Logarithms have some unique and useful properties that make solving equations easier, especially when dealing with expressions involving differences or sums of logarithmic terms. One such property is that the difference of two logarithmic expressions with the same base can be rewritten as a single logarithm. This is because:

• For any two positive numbers, say \( A \) and \( B \), and a positive base \( b \) (not equal to 1), the property \( \log_{b}(A) - \log_{b}(B) = \log_{b} \left( \frac{A}{B} \right) \) holds true.

In practice, this means you can combine multiple logarithms into a single term, often simplifying calculations significantly. In our original exercise, using this property changed the equation from two separate log terms to a single one: \( \log_{2} \left( \frac{y+2}{y-2} \right) = 1 \). This simplification set the stage for further solving, ultimately making it more manageable to work through.

The idea of converting logarithmic equations into their exponential form can transform an equation into something more familiar and easier to solve. This stems from the fundamental relationship between logarithms and exponents:

• The equation \( \log_{b}(x) = c \) is equivalent to \( x = b^c \).

By rewriting the logarithmic equation in this way, we convert a log expression into a straightforward exponential equation. In our problem, we transformed \( \log_{2} \left( \frac{y+2}{y-2} \right) = 1 \) into \( \frac{y+2}{y-2} = 2^1 \), simplifying it to \( \frac{y+2}{y-2} = 2 \). This type of conversion is particularly helpful because it often reduces the complexity of solving logarithmic equations, allowing us to apply our standard algebraic skills more effectively.

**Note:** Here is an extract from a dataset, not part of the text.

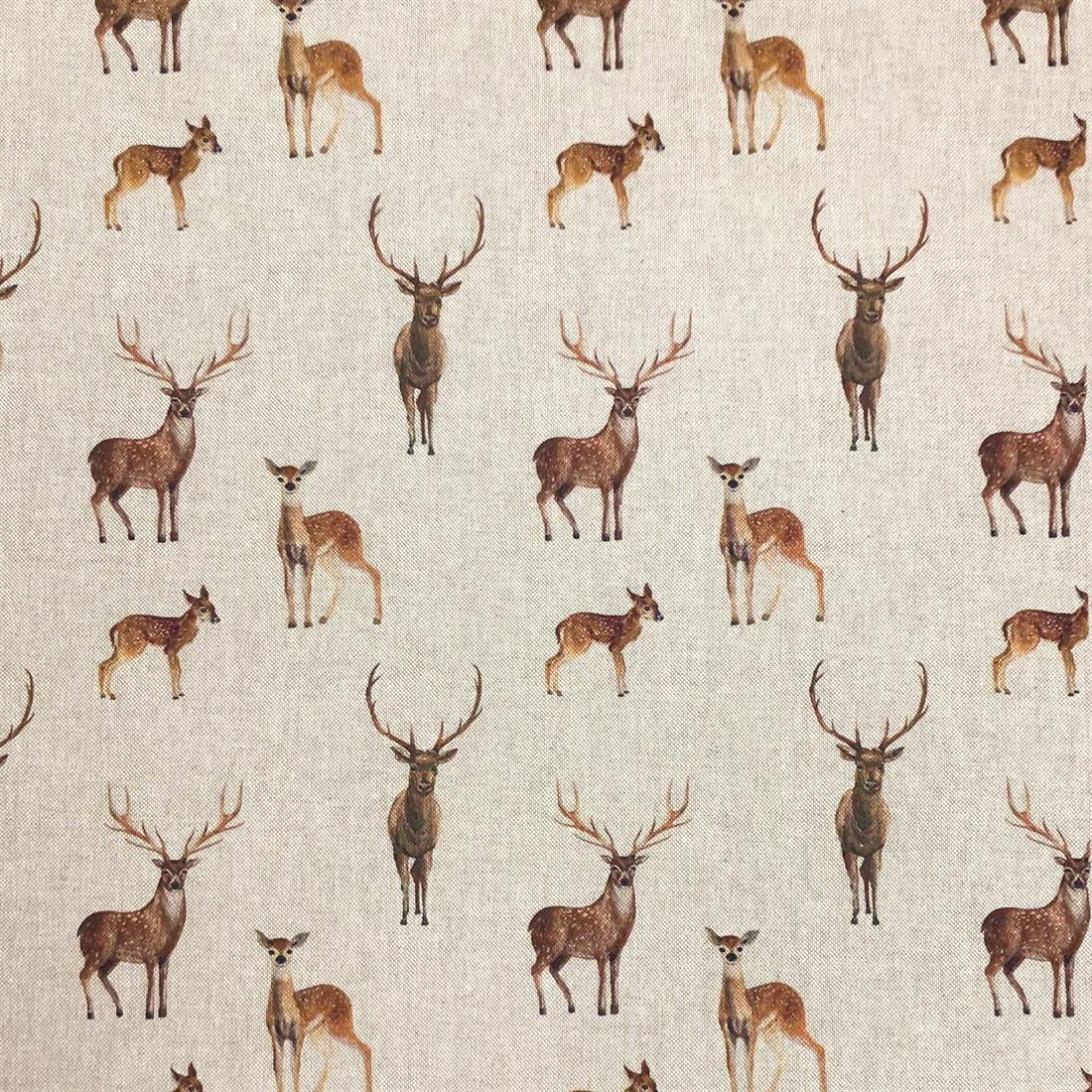 Stags and Deers- Printed Digital Canvas Fabric, Cotton Rich Linen Look, Cat All Over, 80% Cotton and 20% Polyester, 139cm Wide, Weight: 200gsm This fabric is perfect for cushions, curtains, trousers, skirts, shorts, and home furnishings. Colours may slightly vary due to the lighting during the photo shooting or the monitor's display.Fabric is cut from the roll and multiple purchases will be cut in one continuous piece. Wash at 30 Degrees

Verifying solutions is a vital step in solving mathematical problems as it ensures the accuracy of our results. After solving for \( y \) in our exercise, we found \( y = 6 \). But how do we know this is truly correct? We check by substituting it back into the original equation to see if it holds:

• The equation is \( \log_{2}(y+2) - \log_{2}(y-2) = 1 \).
• Substituting \( y = 6 \), this becomes \( \log_{2}(8) - \log_{2}(4) \).
• The result simplifies to \( \log_{2}(2) \), which indeed equals 1.

This alignment confirms that \( y = 6 \) is a valid solution. Checking solutions not only verifies correctness but also helps understand the behavior and constraints of our solutions within the original context of the problem.

Solving equations often involves isolating variables, a critical step in determining the value of unknowns. In our exercise, we had a fraction \( \frac{y+2}{y-2} = 2 \). To solve for \( y \), we needed to clear the fraction, simplifying the equation to a linear form:

• We first eliminated the fraction by multiplying both sides by \( y-2 \), resulting in \( y+2 = 2(y-2) \).
• Distributing and rearranging terms allowed us to gather \( y \) terms on one side: \( y + 2 = 2y - 4 \).
• Finally, isolating \( y \) yielded \( y = 6 \).

This process of isolating variables is invaluable because it turns complex expressions into solvable equations, using properties of equality and basic arithmetic to find our desired unknowns.